EXERCISE
Here is the task for the listing below: output exactly the lines from the one containing "الأخبثان (1). 833" through the one containing "The limestone islands", and leave out the pictures.
____ EXERCISE INPUT
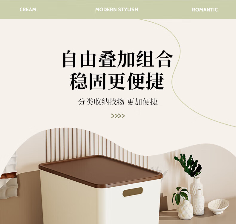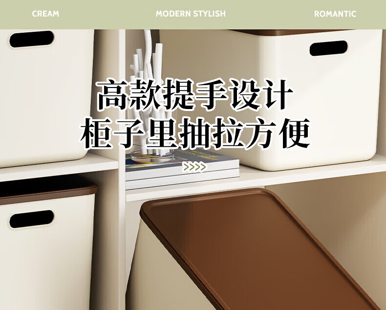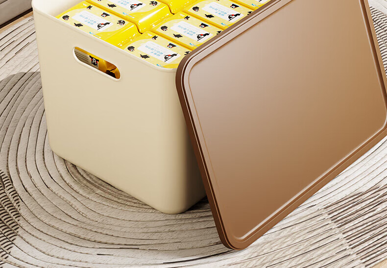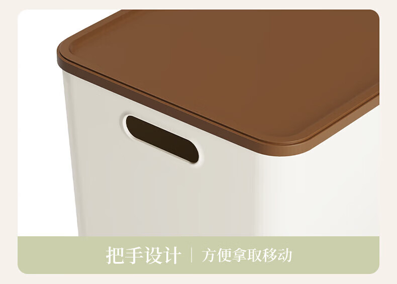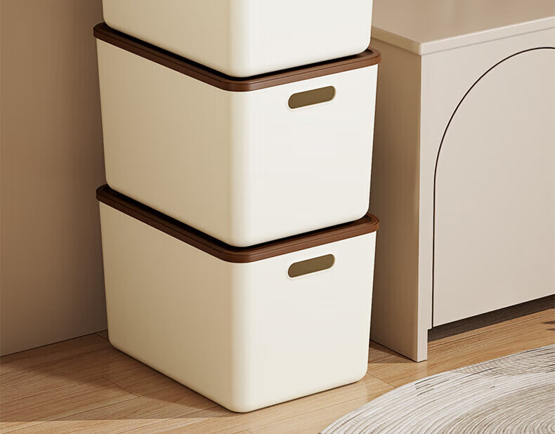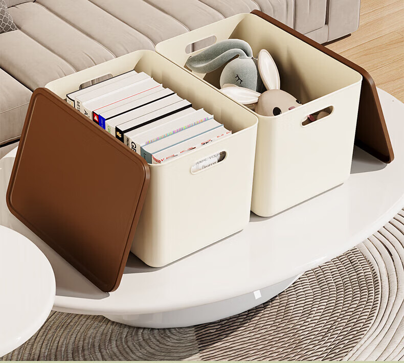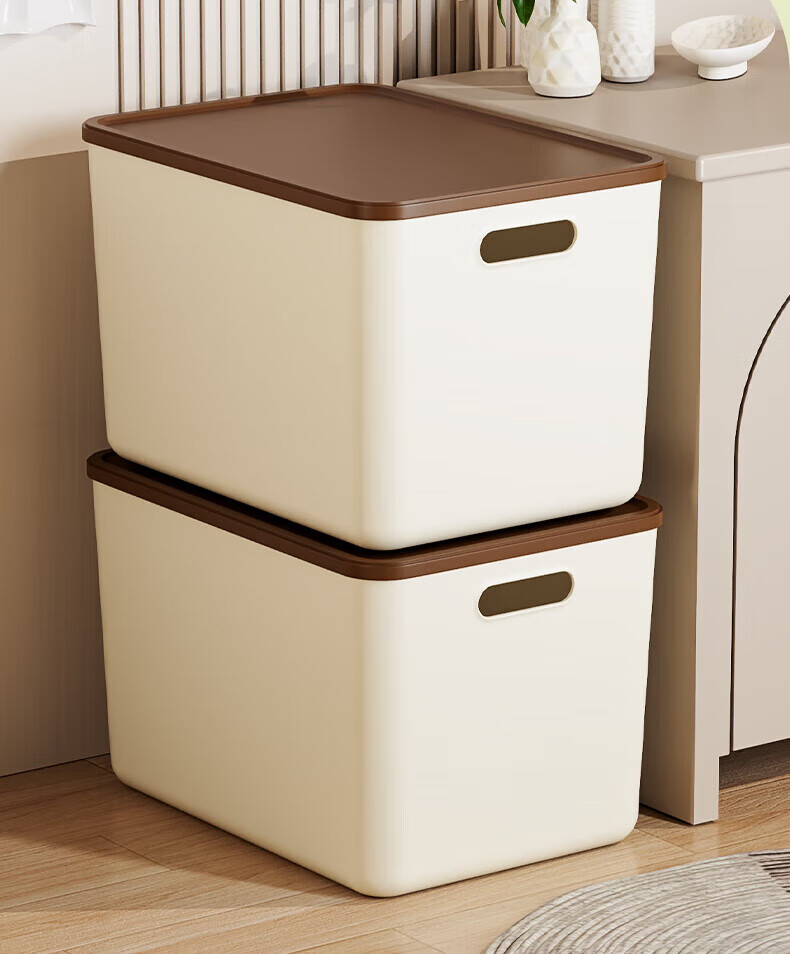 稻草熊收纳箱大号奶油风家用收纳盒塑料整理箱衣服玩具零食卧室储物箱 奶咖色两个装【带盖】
________
____ EXERCISE INPUT
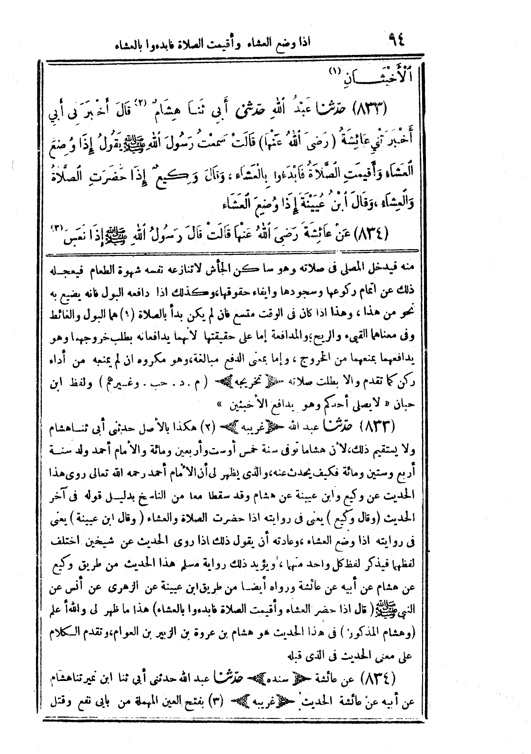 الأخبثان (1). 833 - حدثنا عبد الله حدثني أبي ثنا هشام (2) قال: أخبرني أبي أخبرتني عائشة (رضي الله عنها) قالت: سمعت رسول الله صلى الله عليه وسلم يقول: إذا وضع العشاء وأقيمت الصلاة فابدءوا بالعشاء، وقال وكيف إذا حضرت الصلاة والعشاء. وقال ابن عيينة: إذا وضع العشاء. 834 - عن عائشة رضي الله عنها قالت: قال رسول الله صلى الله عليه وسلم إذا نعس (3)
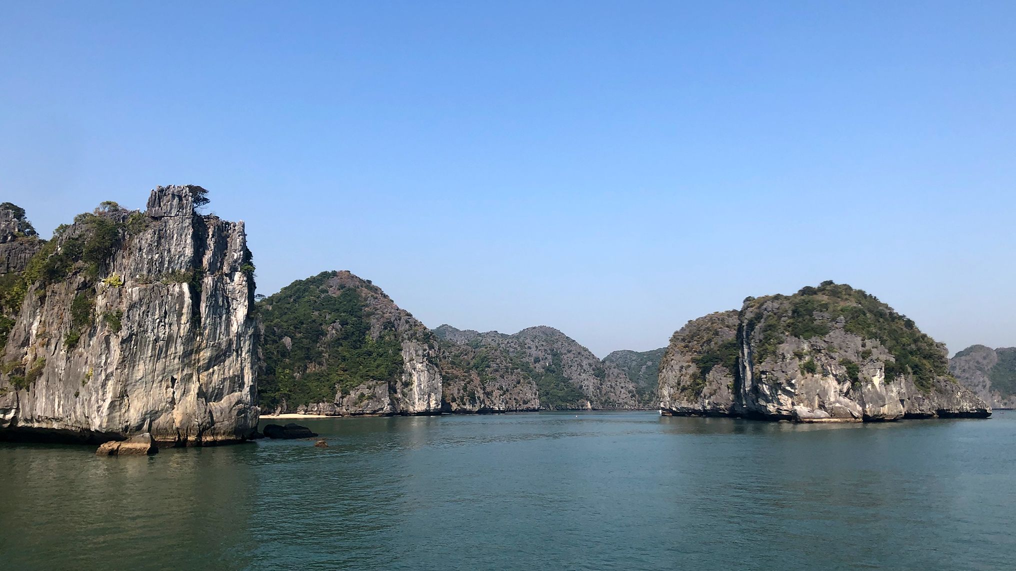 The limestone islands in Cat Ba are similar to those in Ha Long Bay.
________
EXERCISE RESPONSE
 الأخبثان (1). 833 - حدثنا عبد الله حدثني أبي ثنا هشام (2) قال: أخبرني أبي أخبرتني عائشة (رضي الله عنها) قالت: سمعت رسول الله صلى الله عليه وسلم يقول: إذا وضع العشاء وأقيمت الصلاة فابدءوا بالعشاء، وقال وكيف إذا حضرت الصلاة والعشاء. وقال ابن عيينة: إذا وضع العشاء. 834 - عن عائشة رضي الله عنها قالت: قال رسول الله صلى الله عليه وسلم إذا نعس (3)
 The limestone islands in Cat Ba are similar to those in Ha Long Bay.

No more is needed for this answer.